Livro fotográfico da jornalista, fotógrafa e peregrina brasileira Andréa Prestes denominado "Caminho de Santiago: de Portugal até ao Fim do Mundo"

- as dezenas (centenas, no Verão) de Peregrinos que percorrem diariamente este itinerário são potenciadores do desenvolvimento das áreas rurais e de baixa densidade, dinamizando a sua economia (em alguns casos, são a principal fonte de receita), criadores de emprego em zonas desfavorecidas, contrariamente a outros itinerários que promovem a Peregrinação por zonas costeiras e/ou marginais de aglomerações urbanas, onde o principal "cliente" são os veraneantes e os locais (consequentemente, considerando-se economicamente irrelevante a passagem de Peregrinos); 

- o constante aumento do número elevado de Peregrinos cria a necessidade de melhoria das infraestruturas associadas, nomeadamente das condições de segurança nos (reduzidos) tramos coincidentes com vias rodoviárias, na limpeza e manutenção periódica dos caminhos, no apoio às Associações e/ou Entidades (principalmente constituídas por voluntários que, diariamente, promovem a Hospitalidade entre os Peregrinos - principal via de promoção do Caminho de Santiago), na difusão nacional e internacional de informação atual e credível sobre os itinerários e pontos de apoio, na proteção de todo o Património Cultural e Histórico existente ao longo do itinerário e na ratificação municipal de itinerários, incluindo-os, por exemplo, nos PDM municipais (como é o exemplo de Barcelos);

o crescimento do fenómeno jacobeu no território nacional tem, contudo, levado a várias ações desconcertadas, principalmente por entidades públicas, que têm conduzido, principalmente, à descaracterização do Caminho ("Central") Português de Santiago, desvirtuando-o com a criação de traçados sem suficiente fundamento e/ou cultura jacobeia, financiados "externamente" com recursos públicos, desviando traçados por motivos meramente comerciais e/ou turísticos, entre outros, enfraquecendo a via estruturante e principal do Caminho Português de Santiago (e a que deu origem às atuais alternativas e/ou variantes). Ressalva-se que as variantes e/alternativas identificadas anteriormente são, obviamente, válidas e devem ser promovidas e protegidas, nacional como internacionalmente. Contudo, o investimento (eficaz?) efetuado nesses (e noutros) itinerários não pode, em caso algum, ser superior nem tentar alterar a hierarquia dos itinerários portugueses de Peregrinação, prejudicando todo o Património Material e Imaterial que é o Caminho ("Central") Português de Santiago.

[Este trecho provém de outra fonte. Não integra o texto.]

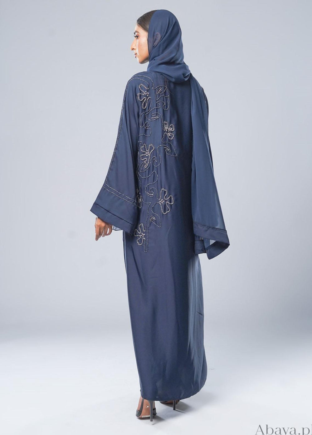 - What You Get: Abaya with a matching sapphire blue chiffon hijab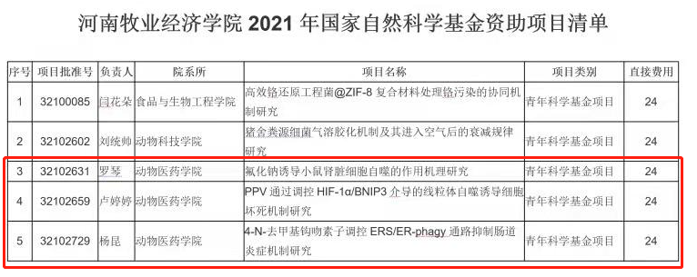 近日,从国家自然科学基金委员会和公司科学技术处获悉,公司罗琴博士申报的《氟化钠诱导小鼠肾脏细胞自噬的作用机理研究》、卢婷婷博士申报的《PPV通过调控HIF-1α/BNIP3介导的线粒体自噬诱导细胞坏死机制研究》、杨昆博士申报的《4-N-去甲基钩吻素子调控ERS/ER-phagy通路抑制肠道炎症机制研究》分别获批国家自然科学基金青年科学基金项目资助立项,分别资助金额24万元。2021年公司共立项国家自然科学基金项目5项,公司就斩获3项,这3项国家自然基金的获批是公司在国家自然科学基金项目上的又一大收获。
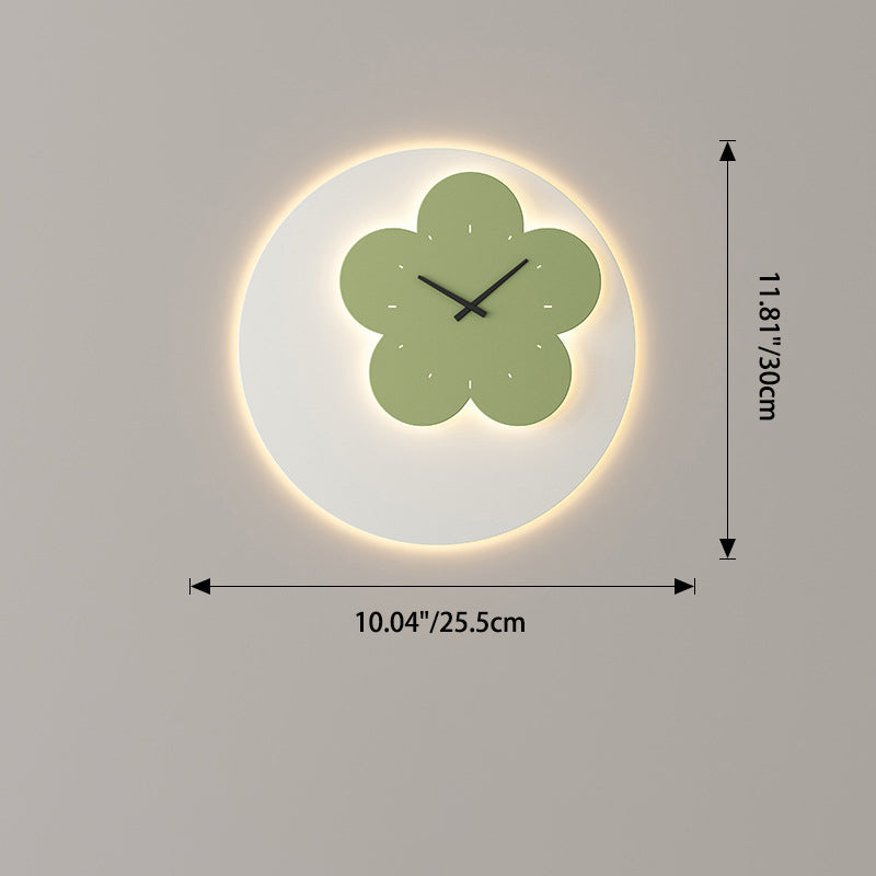 Contemporary Creative Round Decorative Clock Heart Iron Acrylic LED Wall Sconce Lamp For Bedroom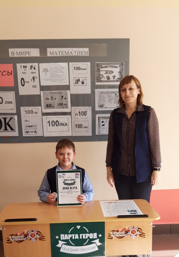 17 марта, на очередной школьной линейке торжественное право сидеть за Партой Героя было предоставлено ученику 2 класса Новокшонову Кириллу. На прошедшей неделе за Партой Героя сидела ученица 1б класса Иконникова Мария. Ребятам были вручены дипломы и значки участников Всероссийского образовательного проекта "Парта героя".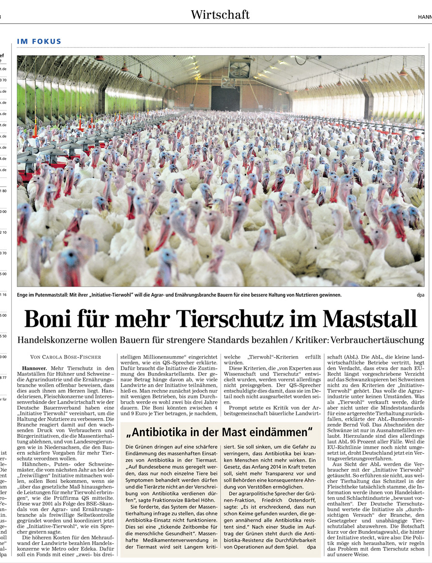 HAZ 07.09.2013 BONI FÜR MEHR TIERSCHUTZ IM MASTSTALL
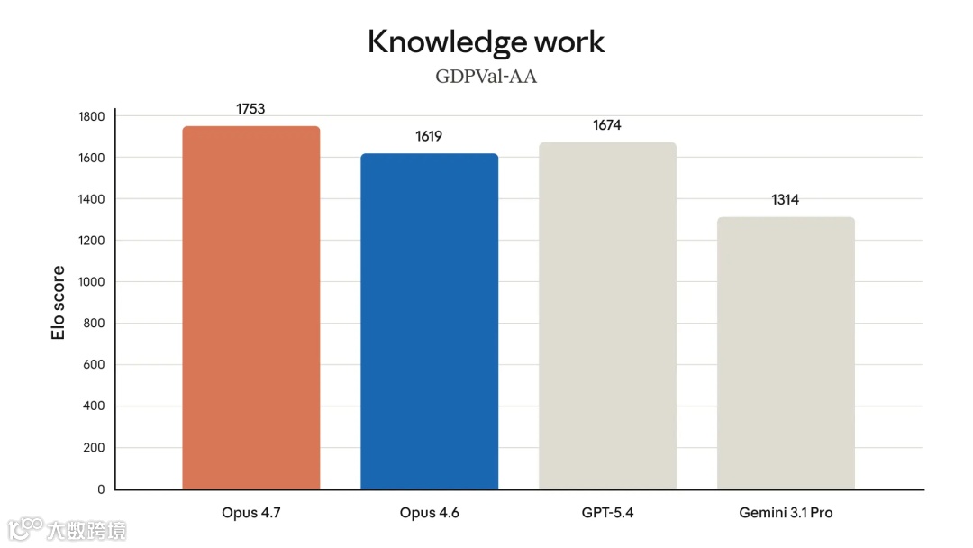 实际应用能力提升。除了在财务代理评估中获得领先水平(见上表)外,Anthropic 的内部测试表明,Opus 4.7 比 Opus 4.6 更高效地进行财务分析,能够生成严谨的分析和模型,呈现更专业的演示文稿,并在各项任务之间实现更紧密的整合。Opus 4.7 在 GDPval-AA 评估中也处于领先水平。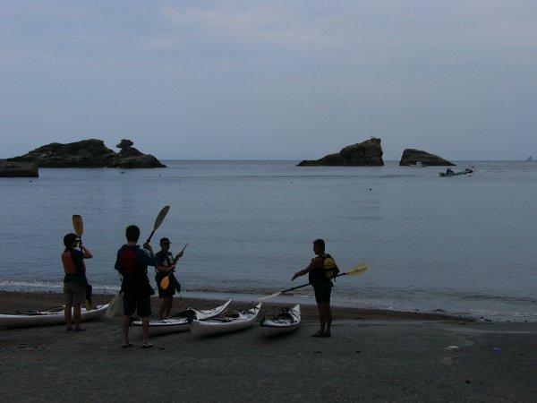 - 今日の海はとても穏やかでした。雲見海岸ではシーカヤック講習が行われていました。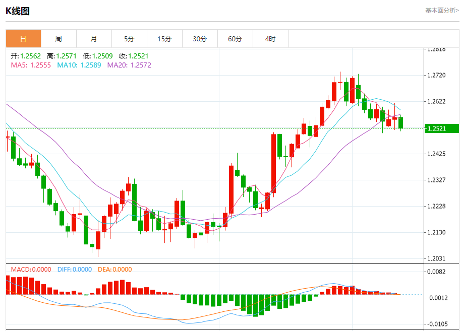 周三欧市盘中,英镑兑美元交投于1.2523,跌幅为0.32%。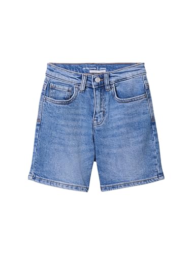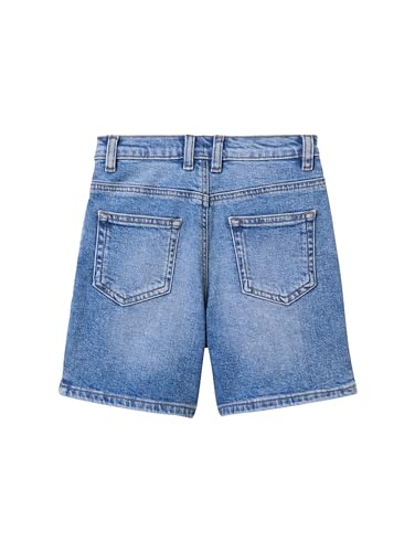 Klassieke, korte jeansbroek in 5-pocket-stijl met verstelbaar elastiek en riemlussen aan de tailleband.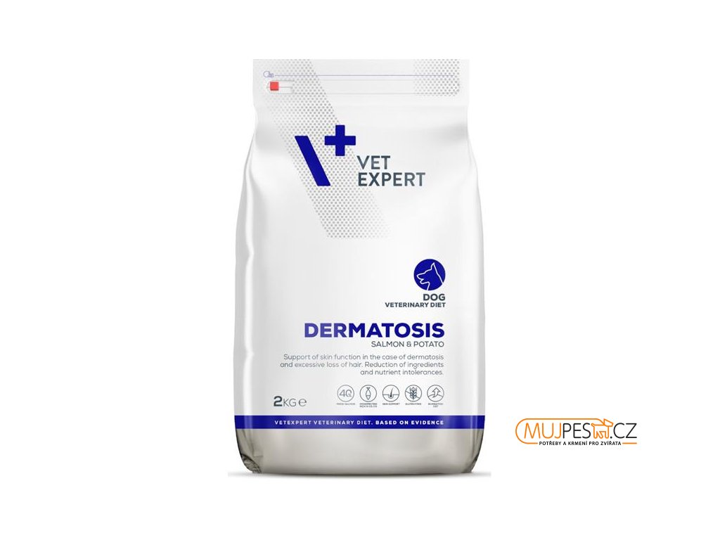 VetExpert VD 4T Dermatosis Dog Salmon & Potato je kompletní dietní krmivo pro dospělé psy, které podporuje zdraví kůže, pomáhá při dermatózách a nadměrném vypadávání srsti a přispívá k redukci projevů potravinových alergií.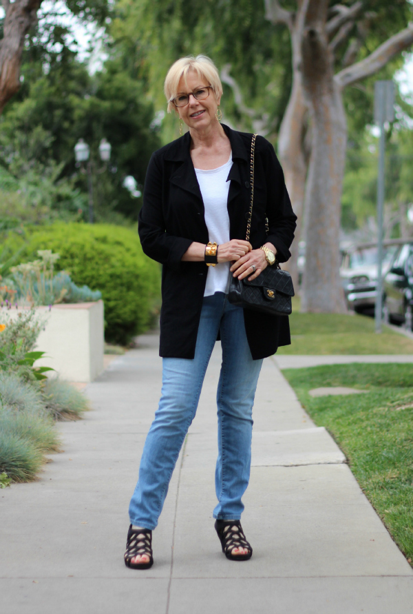 This is one of those outfits that hits my Style Sweet Spotâ„¢. I’m just crazy for these light wash jeans. They’re very comfortable, and work nicely to balance out darker neutrals. While we’re just a few days from the official beginning of Summer, evenings are still cool enough that I need a jacket.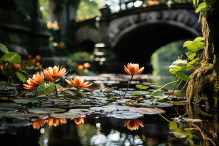 Renaissance: Lily emerges in serene waters between vibrant leaves and distant bridge., generative AI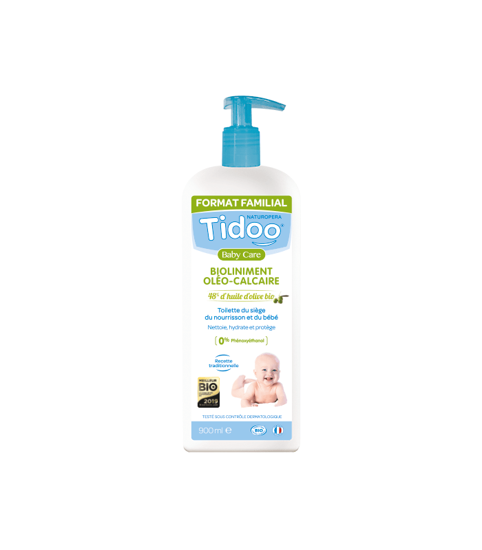 Emulsion onctueuse composée de 48% d’huile d’olive et d’une solution de calcium, le Bioliniment oléo-calcaire de Tidoo nettoie en douceur et protège l’épiderme des fesses de bébé.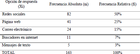 De esta forma, el 50 % muestra su favorabilidad por las redes sociales, el 25 % gusta de la página web, el 15 % prefiere el correo electrónico, el 7 % muestra agrado por los buscadores en Internet y el 3 % opta por los mensajes de texto (SMS) como medio de preferencia para recibir información de los productos de las droguerías a través de internet (tabla 8).

O Caminho Português de Santiago é constituído por uma via estruturante, principal, claramente definida (Lisboa, Coimbra, Porto, S. Pedro de Rates, Barcelos, Ponte de Lima, Valença, Tui e Santiago de Compostela) mas, também, por variantes e/ou alternativas que são e serão essenciais para absorver uma expectável "saturação" a longo prazo do Caminho Português de Santiago, tal como ocorre, atualmente, no Caminho Francês.

O Caminho de Santiago não é um produto e/ou recurso turístico que pode ser desvirtuado por intenções individuais, municipais, associativas e/ou locais (sem visão global do fenómeno, presas a interesses pontuais e apriorísticos que colocam em causa posicionamentos do passado recente, nomeadamente investimentos públicos e/ou da Comunidade Local): é, principalmente, um Património Cultural e Espiritual de promoção da Universalidade, da Pessoa Humana e da Paz entre os povos, não escolhendo idade, profissão, nacionalidade, raça, etnia, género nem religião. Assim, o foco das ações de Promoção do Caminho Português de Santiago deverá ser, sempre, o Peregrino e os seus interesses, e não outro tipo de condicionantes que colocam em risco todo o Património construído ao longo de séculos.